Beware going global!

Also at the SMS conference, Pankaj Ghemawat reviewed some of the recession’s impact on globalisation trends, a talk that included a useful warning. Big indicators, like the rate of Foreign Direct Investment, have slowed sharply with the down-turn, but no worse than last time. But he warned of some additional dangers this time:

  • a risk of more protectionism due to more widespread job losses and distrust of business
  • massive public debt slowing recovery
  • shortage of finance

The intriguing content concerned the still remarkably low penetration of between-country trade – e.g. US/Canada inter-state trade is a tiny fraction of trade between Canadian states, in spite of NAFTA. The extent of trade between country pairs seems strongly determined by the factors you would expect – historic colonial ties, membership of trade-groups, common language, geographic distance.

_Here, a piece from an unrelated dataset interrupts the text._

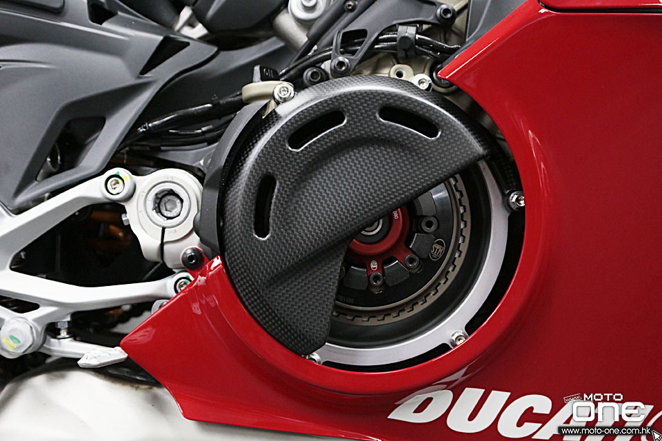 乾式離合器Panigale V4 R 配備了源自 Ducati WSBK廠隊使用的乾式離合器。與其他 V4 車款使用的離合器相比,其直徑及軸向長度均有所縮減(縮短 24 毫米),而且重量減輕了約 1.8 磅(800 克)。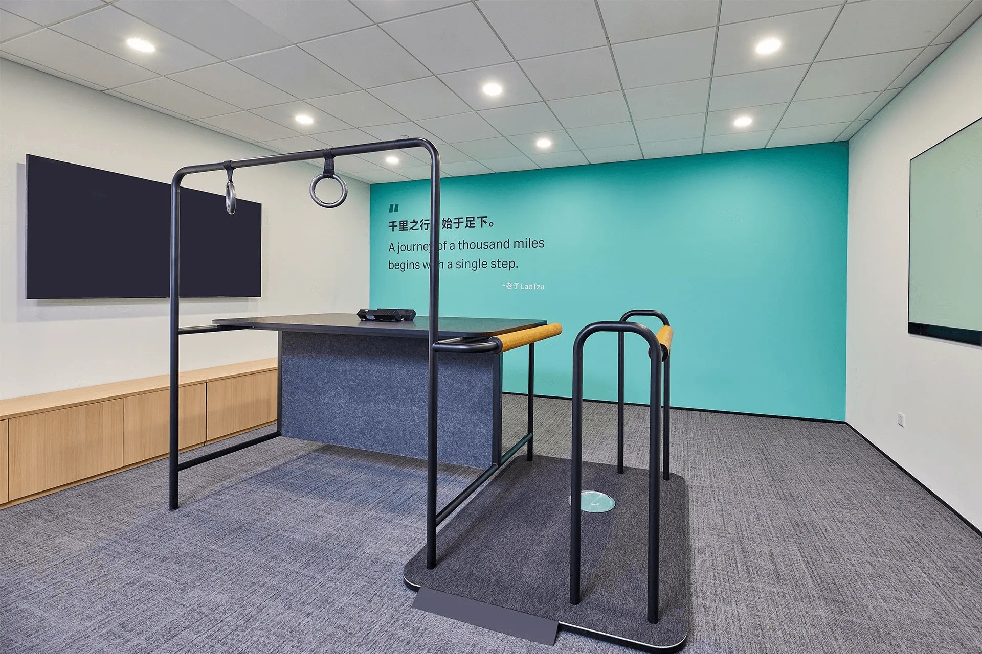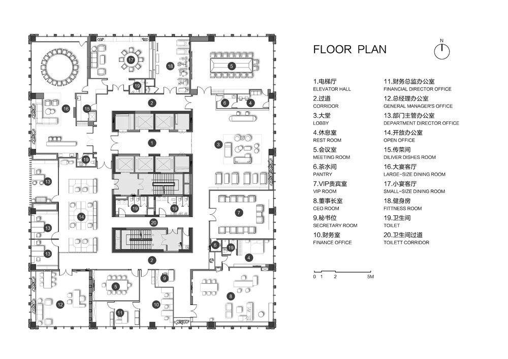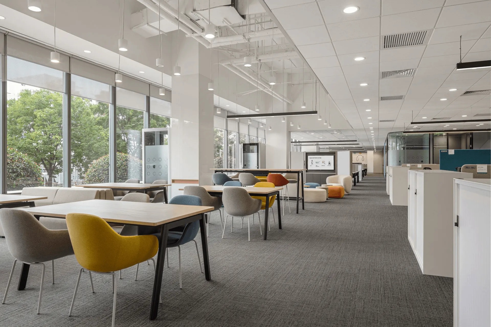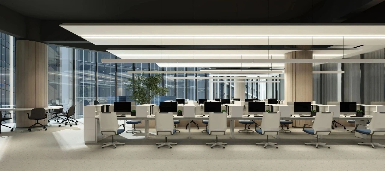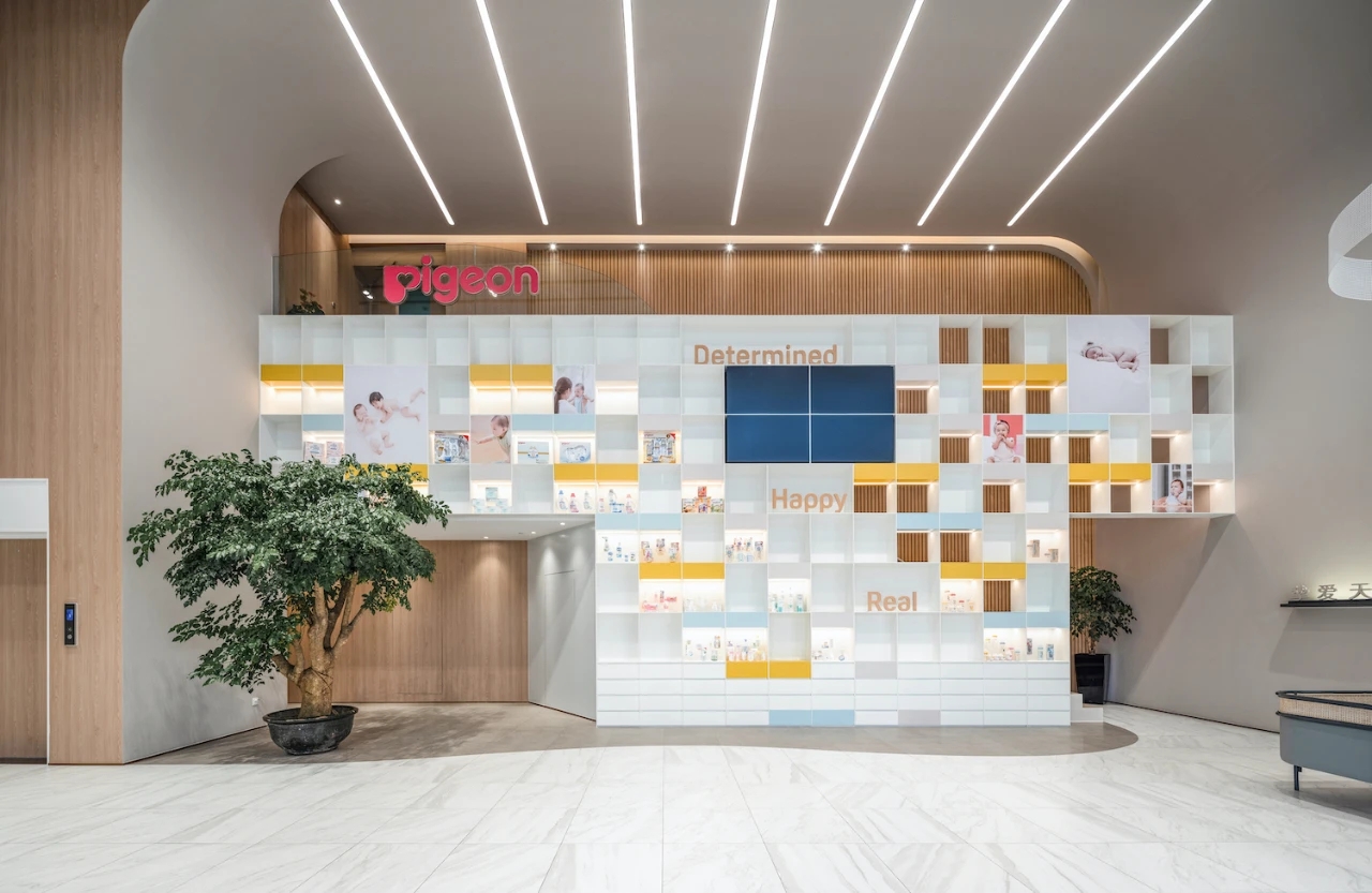 建筑空间被核心筒贯穿形成环形动线,根据空间机能演变为接待、办公两个内部环线,提供了最便捷的空间体验。建筑层高东高西低,且东侧拥有开阔视野。于是,由一个造型新颖的天花结构将人向东侧大堂引导,开放创新的国际化品牌印象随之呈现。内部空间融合了精湛的工艺及高雅的陈设布置,营造出稳重大气的企业专业形象。

The warning, though – and a big one – is that loss-making overseas operations are very common, even for apparently powerful firms, e.g. most of Walmart’s non-US business units are either not profitable or only marginally so. So the warning is to be very careful about ‘going global’ – in spite of the enthusiastic encouragement from the advocates.

Worryingly, he reports that many large firms, when asked whether they plan to carry out careful evaluation of entry into rapidly-developing economies or just ‘go for it’ seem to have chosen the latter!